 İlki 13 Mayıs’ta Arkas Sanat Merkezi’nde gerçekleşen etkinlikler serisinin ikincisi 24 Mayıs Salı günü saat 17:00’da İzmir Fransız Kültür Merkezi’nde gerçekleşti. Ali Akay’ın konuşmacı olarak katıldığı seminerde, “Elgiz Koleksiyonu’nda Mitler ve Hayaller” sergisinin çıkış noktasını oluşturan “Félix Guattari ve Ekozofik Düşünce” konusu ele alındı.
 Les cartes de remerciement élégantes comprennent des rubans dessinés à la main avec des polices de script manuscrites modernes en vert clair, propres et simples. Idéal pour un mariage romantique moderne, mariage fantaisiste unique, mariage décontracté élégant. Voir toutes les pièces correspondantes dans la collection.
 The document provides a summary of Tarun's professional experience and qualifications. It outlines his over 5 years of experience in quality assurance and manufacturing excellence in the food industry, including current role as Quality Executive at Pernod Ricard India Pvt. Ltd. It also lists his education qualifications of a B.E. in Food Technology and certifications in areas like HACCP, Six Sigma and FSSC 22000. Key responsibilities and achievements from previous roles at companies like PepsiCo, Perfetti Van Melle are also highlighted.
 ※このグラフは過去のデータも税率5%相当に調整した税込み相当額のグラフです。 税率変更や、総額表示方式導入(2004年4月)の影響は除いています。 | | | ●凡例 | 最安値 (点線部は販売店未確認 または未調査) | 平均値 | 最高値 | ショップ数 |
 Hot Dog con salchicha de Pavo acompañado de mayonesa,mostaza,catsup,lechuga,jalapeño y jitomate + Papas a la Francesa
=-=-=-=-=
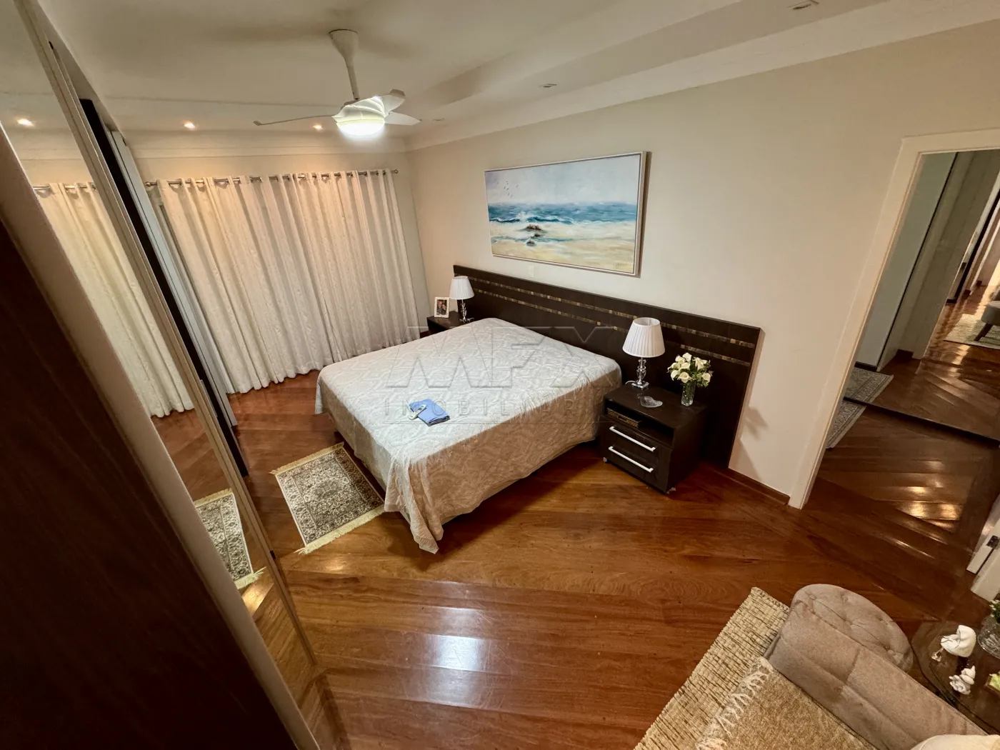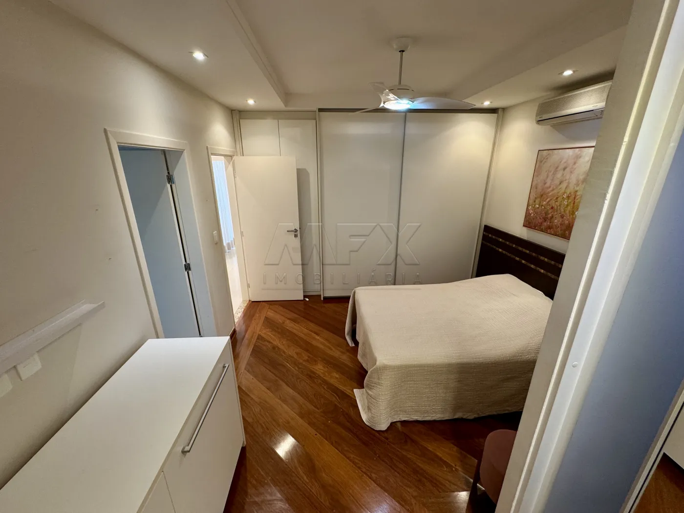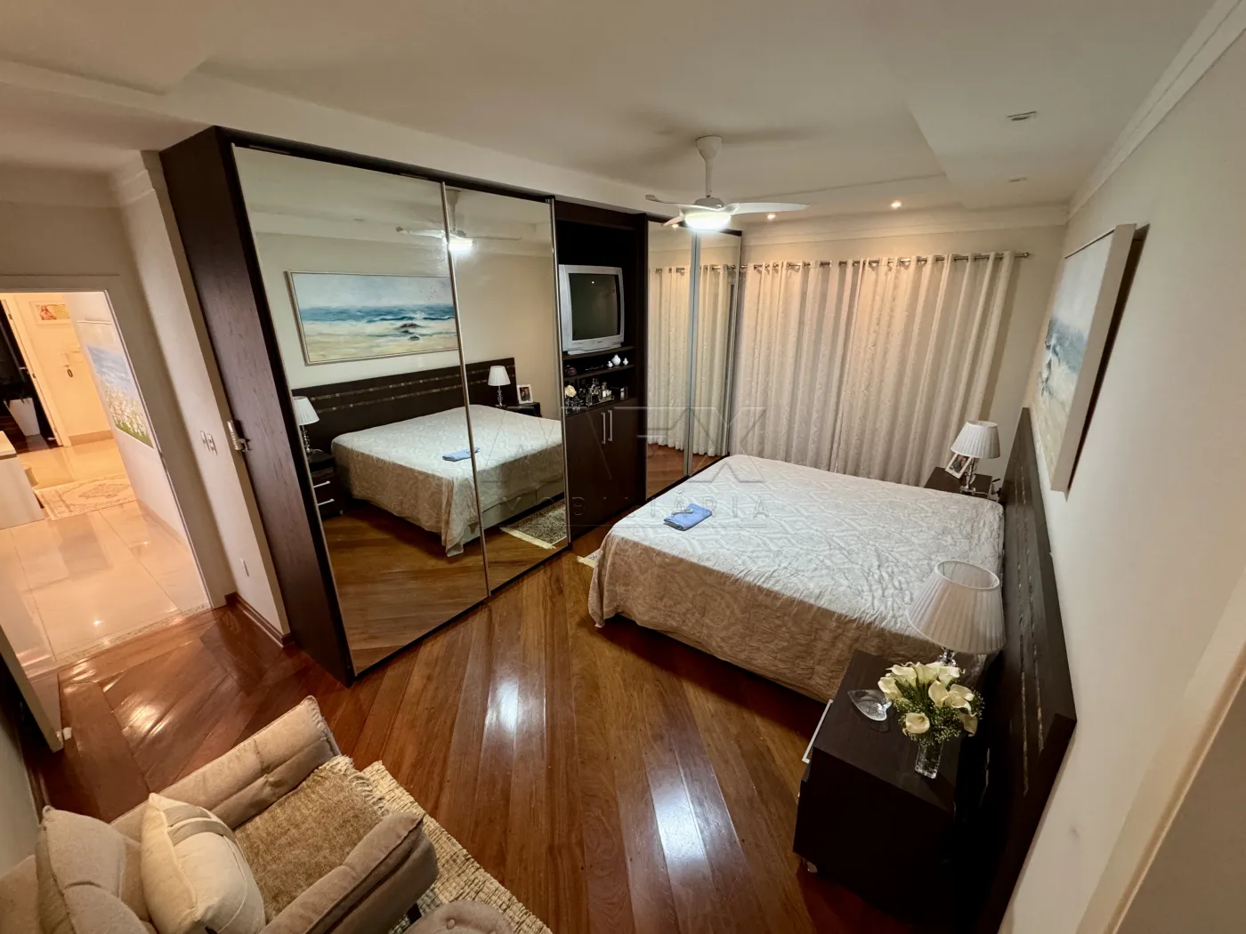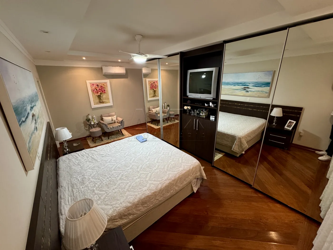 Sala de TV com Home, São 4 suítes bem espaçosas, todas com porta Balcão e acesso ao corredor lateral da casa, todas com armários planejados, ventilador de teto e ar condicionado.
=-=-=-=-=
▶ _Directions for this task_:
Only the lines above from the one with "最高値 | ショップ数 |" up to and including the one with "Hot Dog con" should be repeated, exactly as written.

▶ _Output below_:
 ※このグラフは過去のデータも税率5%相当に調整した税込み相当額のグラフです。 税率変更や、総額表示方式導入(2004年4月)の影響は除いています。 | | | ●凡例 | 最安値 (点線部は販売店未確認 または未調査) | 平均値 | 最高値 | ショップ数 |
 Hot Dog con salchicha de Pavo acompañado de mayonesa,mostaza,catsup,lechuga,jalapeño y jitomate + Papas a la Francesa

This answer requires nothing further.